In my last role, we had to create large folder structures including permissioning very quickly in Windows 2008 R2 and as a result we came across ICALCS which proved very useful .

ICACLS name /save aclfile [/T] [/C]

Store the acls for all matching file/folder names into aclfile for later use with /restore.

ICACLS directory [/substitute SidOld SidNew […]] /restore aclfile [/C]

Applies the stored acls to files in directory.

ICACLS name /setowner user [/T] [/C]

Changes the owner of all matching names.

ICACLS name /findsid Sid [/T] [/C]

Finds all matching names that contain an ACL explicitly mentioning Sid.

ICACLS name /verify [/T] [/C]

Finds all files whose ACL is not in canonical form or whose lengths are inconsistent with ACE counts.

ICACLS name /resize [/T] [/C] [/L]

Changes incorrect recorded lengths of ACLs to true lengths.

ICACLS name /reset [/T] [/C]

Replaces acls with default inherited acls for all matching files.

ICACLS name [/grant[:r] Sid:perm[…]]

                       [/deny Sid:perm […]]

                       [/remove[:g|:d]] Sid[…]] [/T] [/C]

With :r, the permissions replace any previously granted explicit permissions.

Without :r, the permissions are added to any previously granted explicit permissions.

/deny Sid:perm explicitly denies the specified user access rights.

An explicit deny ACE is added for the stated permissions and the same permissions in any explicit grant are removed.

/remove[:[g|d]] Sid removes all occurrences of Sid in the acl.

With :g, it removes all occurrences of granted rights to that Sid.

With :d, it removes all occurrences of denied rights to that Sid.

 

Note:

Sids may be in either numeric or friendly name form. If a numeric form is given, affix a * to the start of the SID.

/T indicates that this operation is performed on all matching files/directories below the directories specified in the name.

/C indicates that this operation will continue on all file errors.

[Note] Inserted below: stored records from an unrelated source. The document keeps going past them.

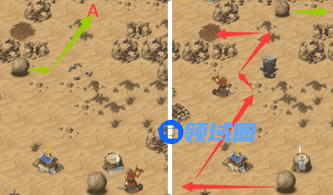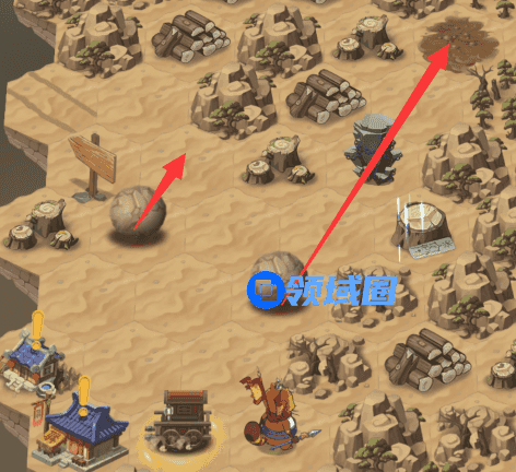 返回上一场景的公孙小屋,重置后滚石重现,地形也有一点点改变,最后将滚石按箭头路线指示推动至四色树处即可,注意控制石柱的有无。(沿下方绕过去便是最佳路线,为了不让左上角显得过于空旷,一并附上走上侧的路线)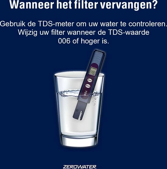 Om de exacte levensduur van het filter zelf te kunnen vaststellen, wordt er een TDS meter meegegeven. Doe deze periodiek in het gefilterde water. In de handleiding lees je hoe de TDS meter aangeeft wanneer het filter toe is aan vervanging.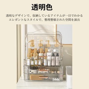引き出し式と仕切り構造で、化粧水や乳液、マスクパック、リップ、アイシャドウなどをすっきり整理できます。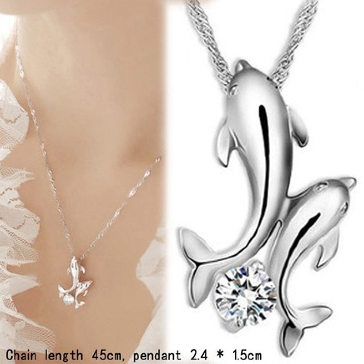Product Name: Korean jewelry Dolphin couple necklace Zircon diamond-encrusted ladies necklace ebay explosion models Factory wholesale

Error messages will still be displayed.

 

ICACLS preserves the canonical ordering of ACE entries:

Explicit denials

Explicit grants

Inherited denials

Inherited grants

 

Perm is a permission mask and can be specified in one of two forms:

1. A sequence of simple rights:

F – full access

M – modify access

RX – read and execute access

R – read-only access

W – write-only access

 

2. A comma-separated list in parentheses of specific rights:

D – delete

RC – read control

WDAC – write DAC

WO – write owner

S – synchronize

AS – access system security

MA – maximum allowed

GR – generic read

GW – generic write

GE – generic execute

GA – generic all

RD – read data/list directory

WD – write data/add file

AD – append data/add subdirectory

REA – read extended attributes

WEA – write extended attributes

X – execute/traverse

DC – delete child

RA – read attributes

WA – write attributes

 

Inheritance rights may precede either form and are applied only to directories:

(OI) – object inherit

(CI) – container inherit

(IO) – inherit only

(NP) – don’t propagate inherit

 

Examples:

icacls c:\windows\* /save AclFile /T

– Will save the ACLs for all files under c:\windows and its subdirectories to AclFile.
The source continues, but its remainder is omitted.